Chaining is an instructional
procedure. As Hadoop is designed for batch processing of data, it is worth
important to know the execution of series of Jobs without manual
intervention.
In practical situations, not every
task can be solved using single map reduce program. We may need multiple
mappers & reducers to complete a specific task where the output of previous
map reduce program may be required as input to the successive mapper, & so
on.
Mapper1 -->Reducer1->Mapper2
-->Reducer2-->Mapper3 -->Reducer3 ...
Furthermore there might be
conditional dependencies existing across different jobs. If the output of
certain kinds of job is of X type, feed output to the Y job else feed output to
Z job.
Hadoop provides an easiest way
to chain job using JobControl class which construct a job control for a group of jobs. JobControl gives
flexibility to add collection of jobs, its job states, get ready, running,
waiting, & failed jobs. We add jobs using JobControl instance addJob(controlledJob1)

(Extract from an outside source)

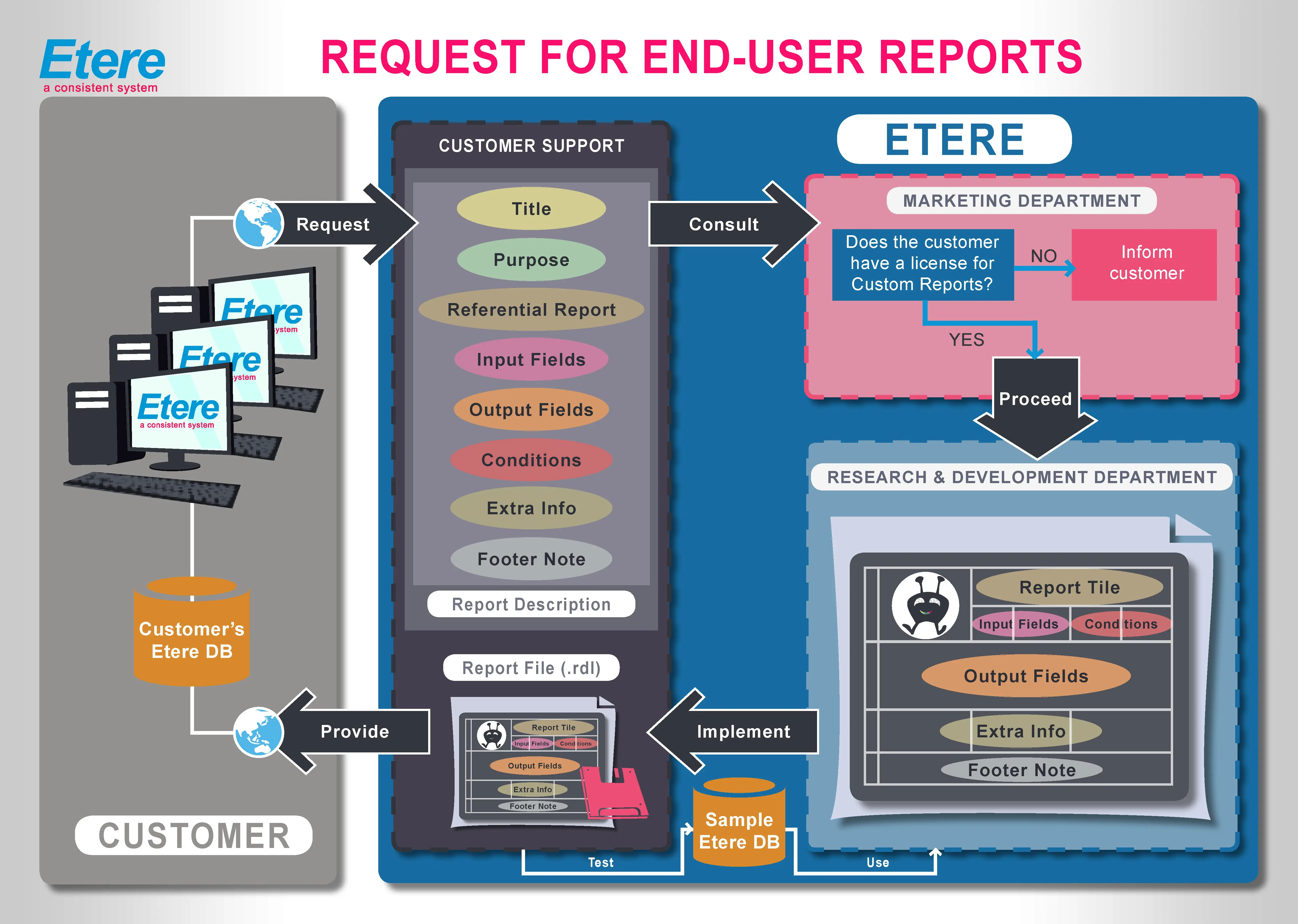 The procedure that a customer must follow to request a custom report is clearly explained in the following flowchart and the steps below:

method. Any depending job can be added using addDependingJob(jobN)
method.
Any normal job has to be an instance
of Job class. This job has to be explicitly set as
ControlledJob in order to chain in JobControl.
Job job1 = JSONFileConvertJob(args);
ControlledJob cJob1 = new
ControlledJob(conf);
cJob1.setJob(job1);
JobControl jobctrl = new
JobControl("JobController");
jobctrl.addJob(cJob1);
The ControlledJob encapsulates a MapReduce job and its
dependency. It monitors the states of the depending jobs and updates the
state of this job. ControlledJob provides various
information about job such as Job Id, Job Name etc. Furthermore it provides an
extensive control over a particular job such as setting Job Id, Job Name, Job
state, submitting job, killing job etc. The related interdependent groups of
jobs can be placed under ControlledJob which will be placed at JobControl
being a top level master.
Finally the JobControl instance
is run using run() method. We can use a thread to start
JobControl providing an instance of JobRunner having JobControl
instance as argument of Runnable JobRunner as below.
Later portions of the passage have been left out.